This README files provides instructions on how to reproduce the results presented on the journal version of Nebula, submitted to Oxford Nucleic Acid Research in June 2020.
We used the SV calls made by Chaisson et al on 1KG samples HG00514, HG00733 and NA19240 as the basis of this study. The deletion and insertion calls can be retrievd from this link. The inversion calls can be retrived from dbVar's ftp website here.
For consistency, we have merged events that overladp or are less than 10bp aprt (only for insertions) into single events across all three samples. This allows for a more streamlined comparison of genotypes. SVs that are form repeat regions (IS_TRF=TR) and SVs shorter than 10bp have been filtered. Insertions with an absent SEQ field have also been filtered. The original SV calls and the modified calls can be found in the variants folder.
The set of kmers for estimating sample coverage and GC coverage can be found in the kmers folder. The genotyping kmers have to be generated locally as they are too large (1GB on disk) to include in Github.
You will need to download the BAM files for HG00514 and HG00733. For NA19240 only a FASTQ file is needed, although Nebula can also genotype a BAM file.
To genotype the SVs from non-repeat regions on HG00514 and HG00733 on NA19240, follow the steps below. All commands are run from this directory.
- Extract genotyping kmers from HG00514 and HG00733:
nebula preprocess --bed $PWD/variants/HG00514.unified.bed,$PWD/variants/HG00733.unified.bed --reference GRC38.fasta --bam /path/to/HG00514.alt_bwamem_GRCh38DH.20150715.CHS.high_coverage.bam,/path/to/HG00733.alt_bwamem_GRCh38DH.20150715.PUR.high_coverage.bam --workdir $PWD/kmers --threads 4
This extracts the kmers and stores them in the directory kmers.
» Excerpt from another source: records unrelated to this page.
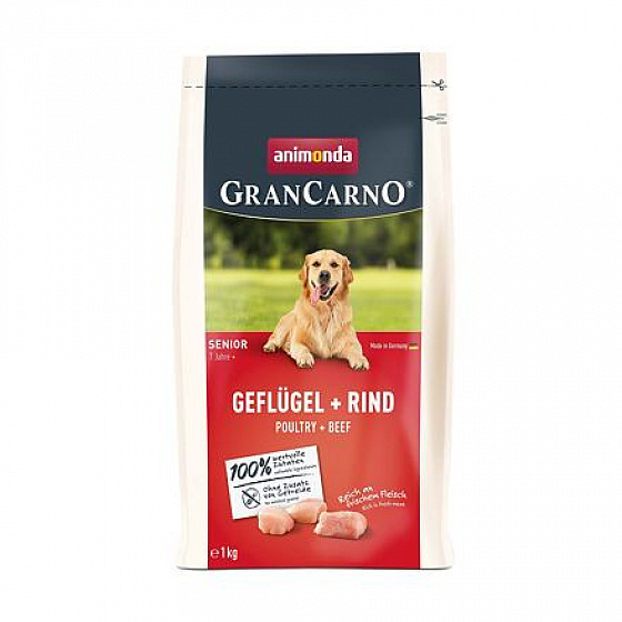 GranCarno ideális eledel kutyáknak egészen idős korukig, és kifejezetten úgy lett kifejlesztve, hogy megfeleljen az idősebb kutyák igényeinek is.
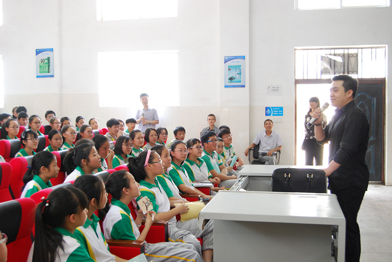 志愿者们 对教师的 英语教学与学生 学习 情况进行了了解 随后, 在学校礼堂 开展 了“中学英语学习方法”和培养英语学习兴趣的“美国风情”讲座。
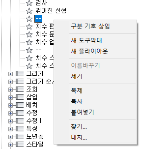 - 사용자화 탭의 명령 리스트 창에서 복제할 명령을 찾습니다.

This step should take ~20 minutes.
- Genotype both samples with the exrtacted kmers and filter the potentially misleaing kmers:
nebula genotype --bed $PWD/variants/HG00514.unified.bed --gc_kmers $PWD/kmers/gc_kmers.json --depth_kmers $PWD/kmers/reference_kmers.json --bam /path/to/HG00514.alt_bwamem_GRCh38DH.20150715.CHS.high_coverage.bam --kmers $PWD/kmers --workdir $PWD/HG00514 --threads 8 --select --unique
nebula genotype --bed $PWD/variants/HG00733.unified.bed --gc_kmers $PWD/kmers/gc_kmers.json --depth_kmers $PWD/kmers/reference_kmers.json --bam /path/to/HG00733.alt_bwamem_GRCh38DH.20150715.PUR.high_coverage.bam --kmers $PWD/kmers --workdir $PWD/HG00733 --threads 8 --select --unique
This should take around ~70 minutes for each sample. Samples can be genotyped simultaneously.
- Merge the filtered kmers to get the combined set of kmers for HG00514 and HG00733:
nebula mix --bed $PWD/variants/HG00514.unified.bed,$PWD/variants/HG00733.unified.bed --samples HG00514,HG00733 --workdir $PWD --threads 8
- Now we can genotype NA19240:
nebula genotype --bed $PWD/variants/HG00514.unified.bed,$PWD/variants/HG00733.unified.bed --gc_kmers $PWD/kmers/gc_kmers.json --depth_kmers $PWD/kmers/reference_kmers.json --fastq /path/toNA19240.alt_bwamem_GRCh38DH.20150715.YRI.high_coverage.bam --kmers $PWD/Mix --workdir $PWD/NA19240 --threads 8
The output file genotypes.bed under the directory NA19240 contains the genotype predictions.
Nebula requires absolute paths for all arguments. If you are inside a different directory, change the paths as needed.